= Rural Appalachian Improvement League =

| Vision | RAIL works to eradicate root causes of poverty in southern West Virginia |
| Established | 2002 |
| Location | Mullens, West Virginia |
| Area Served | McDowell, Raleigh, and Wyoming Counties |
| Homepage | www.railwv.org |

The Rural Appalachian Improvement League (RAIL) is a 501(c)(3) non-profit corporation based in Mullens, West Virginia. Since 2001, when flooding devastated southern West Virginia, RAIL has worked to improve the quality of life for residents of the area. Its mission is "to build human & civic capacity through incubation of nonprofit and grassroots organizations, and through the provision of programs in health, home repair, and education at the Mullens Opportunity Center." ()

RAIL is located in the Mullens Opportunity Center (MOC), which it also administers. The MOC is located at 300 Front Street, in the former Mullens Elementary School. RAIL programs offered at the MOC include GED and literacy classes, high-speed public internet access, meeting space, a fitness center, and business incubator opportunities. The Upper Guyandotte Watershed Association(UGWA) is a separate non-profit launched by RAIL that also operates out of the MOC.

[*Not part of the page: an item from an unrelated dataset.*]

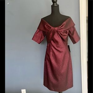 Brand new never worn Ricki Freeman for Teri Jon off the shoulder dress. Extremely flattering and unique with the sleeves. The fabric gorgeous with a bit of a shimmer woven into it.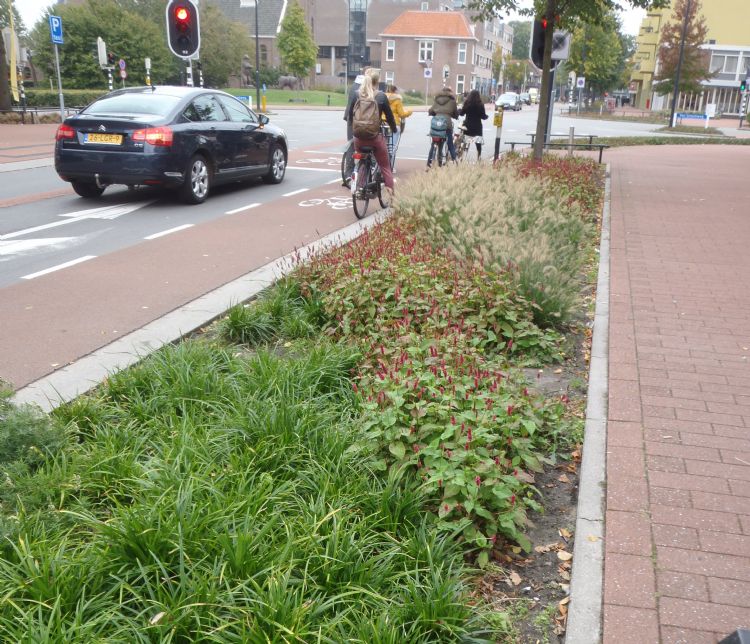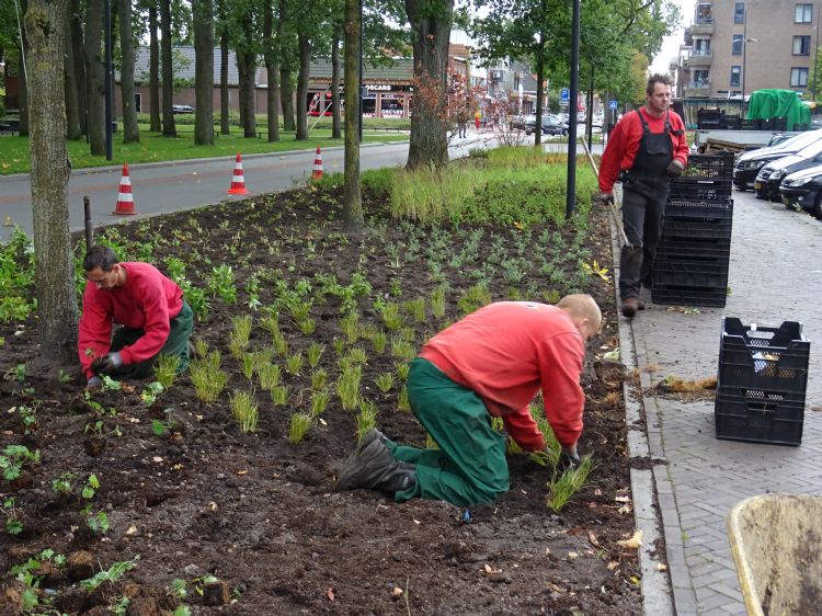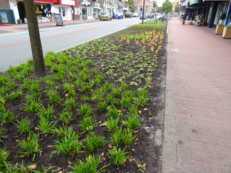Kwaliteitsplanten en grondverbeteringHet beplantingsontwerp voor de borders in de Wilhelminastraat was in het voorjaar van 2017 al gereed, maar uiteindelijk kon de aanplant van 12.000 vaste planten pas in september plaatsvinden. ‘Wij hadden het liever over de winter heen getild’, vertelt Wilfried Reuvers van Reuvers Buro voor Groene Ruimtes. ‘Want alle vaste planten waren toen al bijna uitgebloeid. Als je de aanplant in het voorjaar doet, zien de bewoners direct resultaat. Dan bloeit er van alles. Nu stond de aanplant er nog maar net in de winter. Ik kwam daar een keer op de fiets langs en zag een paar scholieren er dwars doorheen banjeren. Dat was net op een gedeelte waar geen paaltjes stonden. Als er al bloeiende planten hadden gestaan, was dat minder snel gebeurd. Maar het is best goed gelukt en het heeft donders mooi gebloeid het afgelopen voorjaar.’

Many of the programs at RAIL have been developed by AmeriCorps VISTAs, many of whom are from other regions of the United States. Other RAIL activities focus on community economic development, housing, cultural heritage, environment, and property acquisition.

In 2007, Wyoming County was designated a 'Pilot Community' by Groundwork USA, which is a nationwide organization that is "a network of independent, not-for-profit, environmental businesses" that gets "local people, business, government and other organizations involved in practical projects." Groundwork strives to help communities improve their local environment by reclaiming brownfields, abandoned lands, and other under-utilized properties and returning them to productive use such as recreation, green space, and commercial development. ()

RAIL was appointed administrator for a grant to study the formation of Groundwork Wyoming County (GWWC), and will act as consultant in a feasibility study. If launched, GWWC will be the first rural Groundwork Trust in the U.S., and its course will set important precedents, both within Groundwork USA and in rural Appalachia.

RAIL also helped launch the Wyoming County Business Retention, Expansion, and Development (BRE&D) Program that works to connect local businesses and entrepreneurs with the resources they need to be successful. These resources include business planning, employee training, financial assistance, and networking opportunities.